3) It is so unfortunate that Obama's grandmother could not live to witness his grandson winning this historic election. She died one day before the election. But I am sure she is now smiling in heaven.

4) Now it is time to get to work: we need to give some desperately needed help to the middle class and the poor. Then we need to invest in America's future, by supporting education, healthcare for everyone, alternative energy technologies, and rebuilding of the crumbling infrastructure.

Finally we can all go to sleep with smile. Sweet dream, America, and wake up to the dawn of a new era, an era of new hope.

Saturday, November 01, 2008

McCain's tax plan vs. Obama's tax plan (satire)

Let's be frank about it. McCain has a better tax plan than Obama. Not only he gives some tax cut to the poor, he will also cut tax for the wealthy and big corporations, just in case they need it. McCain will cut tax for EVERYONE, not only the middle class and poor.
How will he balance the budget, if he cut taxes? He will freeze all domestic spending except the military. Sure, this will cripple domestic economy. But no worry, our corporations can always do business in other countries. And our military spending will definitely stimulate the economy of our friends in the middle east. Yes, tough economic time is ahead of us here in the US. But that is why we are asking you to put the country first.
Even freezing domestic spending would not balance the budget, because we are already running a half trillion dollar budget deficit. But, don't fret. The government can always borrow. We have been doing that in the last eight years! Why can't we continue doing that?
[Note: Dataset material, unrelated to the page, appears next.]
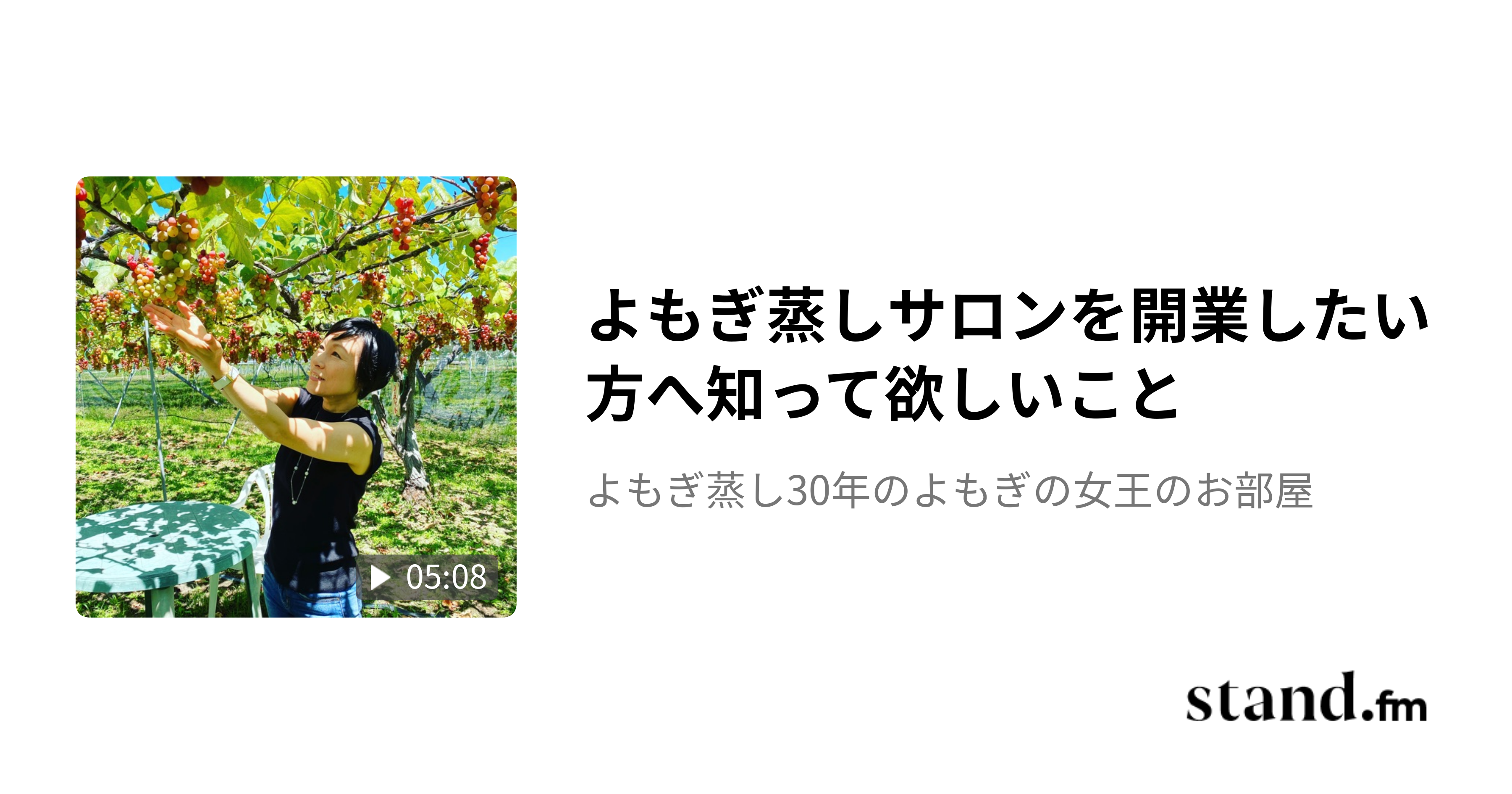 よもぎ蒸しサロンを開業したい方へ知って欲しいこと - よもぎ蒸し30年のよもぎの女王のお部屋 | stand.fmオーガニックで日本を元気に https://www.yomogi-na.com/ よもぎ温熱セラピー協会 https://www.onnetu-yomogi.com/ 商品のご購入(タニ子のセレクトショップ) https://mommybaby.theshop.jp/ よもぎ蒸し歴25年以上 体質改善サロン30年…stand.fm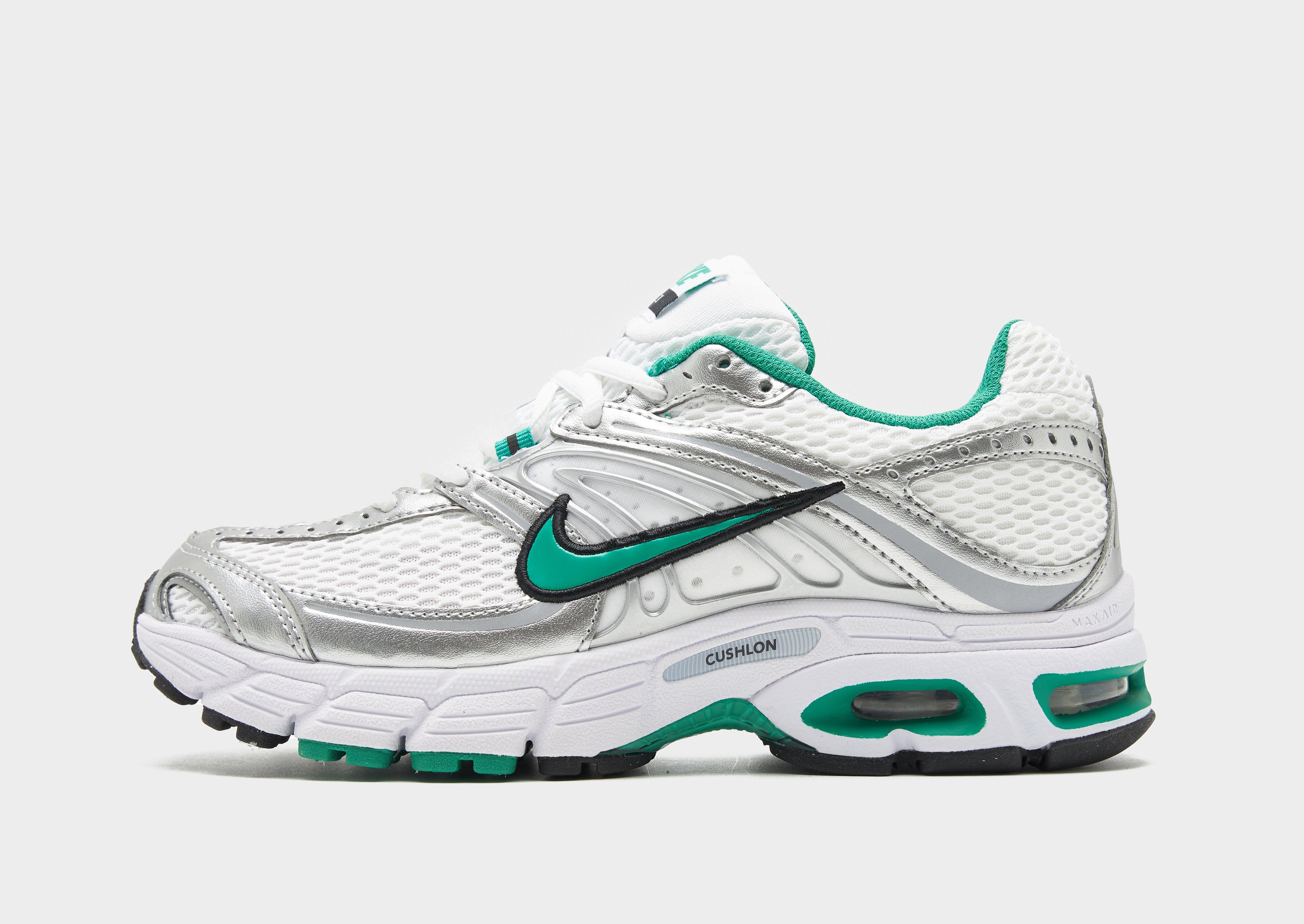 Put old-school energy back on the streets with these women's Air Max Moto 2K sneakers from Nike. In a White colourway with Metallic Silver and Green accents, these runners have performance-inspired design lines and a layered mesh and synthetic upper. Underfoot, the plush foam midsole is packed with multiple Max Air bubbles for next-level cushioning. Finished off with a solid rubber outsole, the Swoosh logo and a Moto 2K label. Style Code: HQ2056-102

On the other hand, Obama only gives tax cut to those who need it. He asks the wealthy and the corporations to chip in a little bit more. That is socialism, my friends. Obama will reduce our military spending by ending the war in Iraq, and boost domestic spending to stimulate the US economy. He will give tax credit to small businesses that create jobs in the US, not ship jobs overseas. He will repair the crippling infrastructure, and encourage investment in alternative energy technologies. My friends, that does not work! That is government intervention. You democrats did that in the 90s, the early 60s, and the late 30s. The New Deal. The Great Society. Blah blah blah. Those are false hopes. They work for a while, until we republicans came in to crash them.

My friends, on November 4th, remember to vote for McCain.